Alachua, FL-based AxoGen has been building a portfolio of nerve repair products since it was founded in 2002.
Its first product-the Avance nerve graft-clears the chondroitin sulfate proteoglycans that inhibit the regeneration of axons, maintains the three-dimensional structure of the nerve and clears cells that can trigger tissue rejection.
"It's very similar to autograft nerve," which promotes the development of axons, says CEO and co-founder Jamie Grooms. "The more axons you get, the better the outcomes."
Dr. David Muir of the McKnight Brain Institute from the University of Florida and Dr. Christine Schmidt from the University of Texas Austin provided the scientific insights the company needed to get started. Because its product is regulated as human tissue, the company didn't have to mount clinical trials to get marketing approval. Efficacy was demonstrated in the preclinical phase and validation studies are done to back up their claims.
"February ‘08 was when we launched, just over a year ago," says Grooms. "Now we have studies that are ongoing; case studies and randomized trials."
The new research work is aimed at proving their approach is superior over conduits and even autografts. "We believe that it's better to use our product," says the CEO, "with better size matching."
Two more products are slated for launch this summer. "We also have a pipeline of what's next," adds Grooms, "other things we can do to increase and improve performance."

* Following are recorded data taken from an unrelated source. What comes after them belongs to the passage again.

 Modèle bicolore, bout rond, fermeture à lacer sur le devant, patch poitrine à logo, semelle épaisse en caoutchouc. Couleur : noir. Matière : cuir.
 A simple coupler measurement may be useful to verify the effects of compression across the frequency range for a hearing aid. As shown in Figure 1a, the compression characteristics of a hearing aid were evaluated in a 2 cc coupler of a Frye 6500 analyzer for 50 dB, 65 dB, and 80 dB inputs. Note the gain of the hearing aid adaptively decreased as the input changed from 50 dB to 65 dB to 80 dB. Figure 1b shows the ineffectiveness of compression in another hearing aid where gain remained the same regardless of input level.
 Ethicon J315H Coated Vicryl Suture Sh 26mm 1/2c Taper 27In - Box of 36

AxoGen wrapped a $12.1 million venture round in 2007 to help build the sales force and get moving on its pipeline work. The developer has received funding from SynoGen of Gainesville, FL, Emergent Growth Fund of Gainesville, FL, Accuitive Medical Ventures of Atlanta, GA, Cardinal Partners of Princeton, NJ, De Novo Ventures of Menlo Park, CA and Springboard Capital II, LLC of Jacksonville, FL.

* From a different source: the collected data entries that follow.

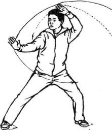 2- 右掌向上划弧旋腕,掌心斜向上反掌,向上托并向右牵引, 右臂如弯弓,身向右旋转,左掌徐徐向前搠出,伸直,臂稍屈,肘 下垂,立掌向北,眼视左掌前方。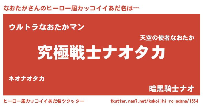 | 男性向けラノベタイトル風あだ名 | 『なおたか~年齢イコール彼女いない歴の魔法使い~』 |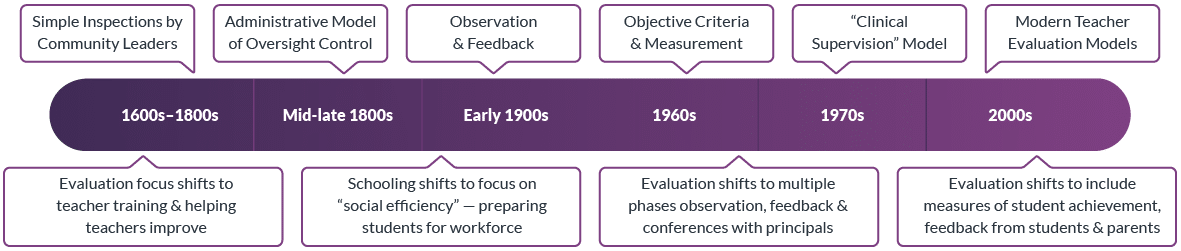 Teacher evaluation is as old as public schooling itself. Early accountability systems were comprised of no more than simple inspections of whether teachers were doing what was expected of them, without specific regard for student learning or achievement. When public schools shifted to an administrative as opposed to a community model of oversight and control in the mid- to late 19th century, leaders began to pay more attention to teacher training and helping teachers improve their practice.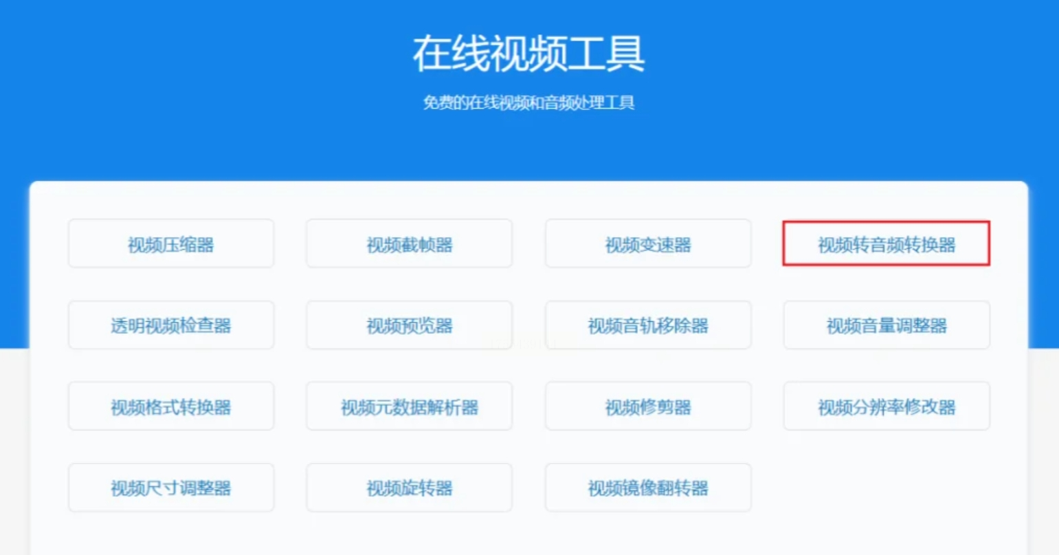 2. 选择转换功能:在首页找到"视频转音频转换器"选项并点击进入。注意有些在线工具会有广告,要认准正确的功能按钮。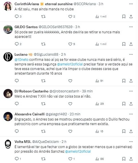 Neste contexto administrativo, o presidente Augusto Melo teve uma reunião com o ex-mandatário Andrés Sanchez, na última quinta-feira (11), no Parque São Jorge. A informação é da Gazeta Esportiva, também reverberada no portal Meu Timão.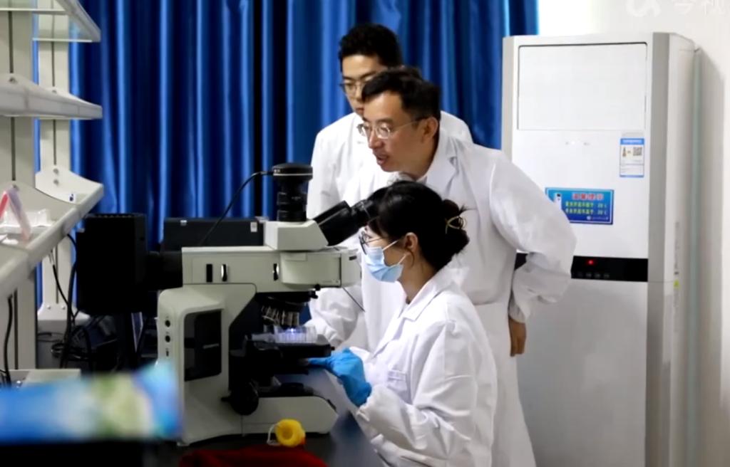 图为帅词俊(中)带领学生分析材料的诱导成骨情况

Now it's time for another round.
"Actually we are looking at another round as we speak," says Grooms. "We can still last through this year, close to the end of the year, but we're starting to raise more money now. Somewhere around $15 million is the sweet spot.
"We feel pretty fortunate," he adds. "We have good revenues, we are growing and this should be our last round. The clinical case studies are phenomenal. These are big motor nerve deficits and it's awesome to be a part of it. That involves walking where it hadn't been possible, shrugging shoulders, chewing food."

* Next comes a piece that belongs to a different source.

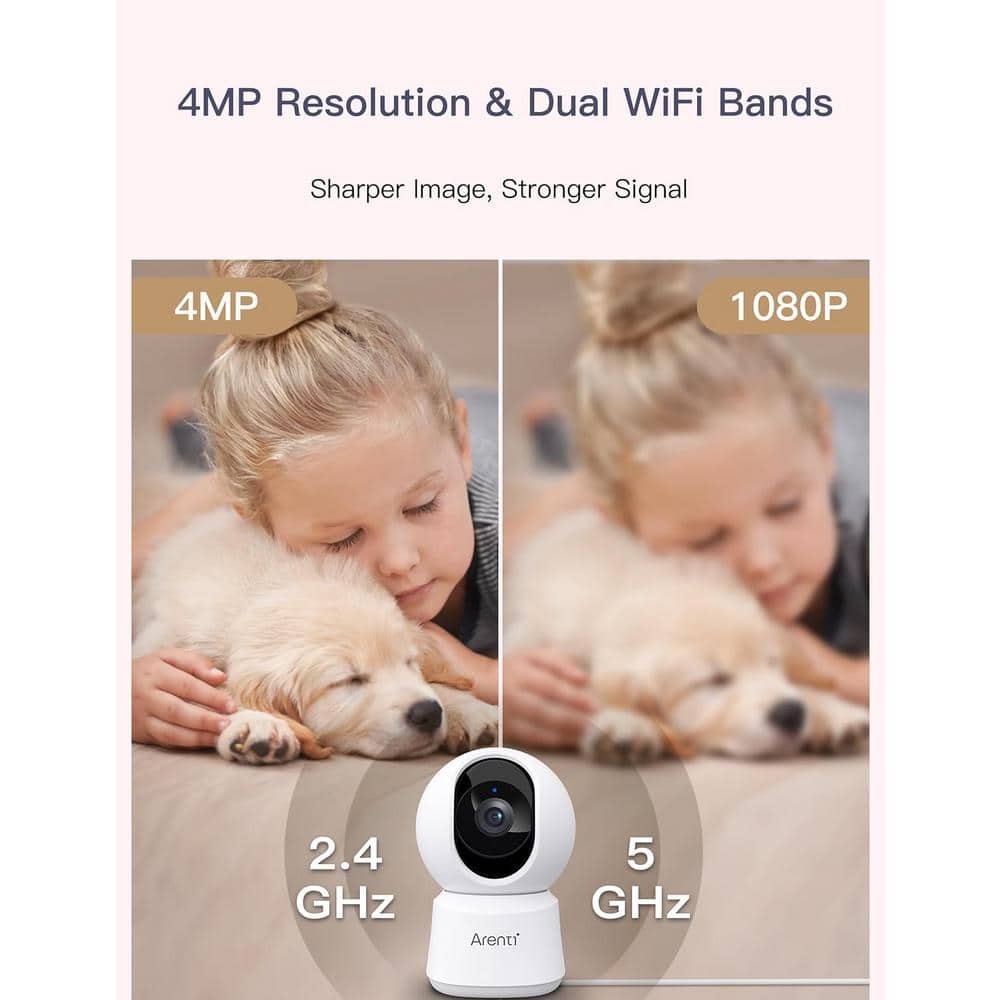 Elevate your home security with the ARENTI 5G 4MP Plug-In Security Camera, featuring dual-band WiFi connectivity for a robust, fast network connection. This camera delivers ultra-clear 4MP resolution and has super night vision capabilities for 24/7 monitoring with crisp, detailed images, even in low light. Use the 2-way audio function for real-time communication and enjoy enhanced security with AI-powered human motion and sound detection alerts. With support for Alexa and Google Assistant, home security has never been more convenient or connected.

Other applications are being studied, such as restoring sensation after breast augmentation, reconstruction or implants as well as reanimating the face after certain medical procedures. Adds Grooms: "We're going to continue to ID new markets."
AxoGen has 46 staffers, with much of the work force focused on marketing and sales. There are also product development staffers. Manufacturing is outsourced.
"If we raise the $15 million," says Grooms, "we would bring in maybe a VP of marketing and sales."
"We have a distribution deal with Stryker Orthopaedics," says the CEO. "They have rights in the extremity market - the arms and legs - we're after the head, neck, trunk and a potential cardiac application. We will explore all those with a direct sales force. If something really focuses a market, we could talk to other players."
The company is based near the University of Florida in Gainesville. And Grooms says its
Locations has been a real plus.
"The University of Florida gets it," he says, "they know how to license it. You don't have to travel the world any more."
Ultimately, though, AxoGen could land just about anywhere.
"I always plan companies to be qualified for an IPO," says Grooms, who took another company public in 2000. "That means we continue to develop our portfolio. In this environment, though, it's probably an acquisition-type exit. The way we're structuring it, we can be a bolt-on company to be just in that space, or absorbed into a company."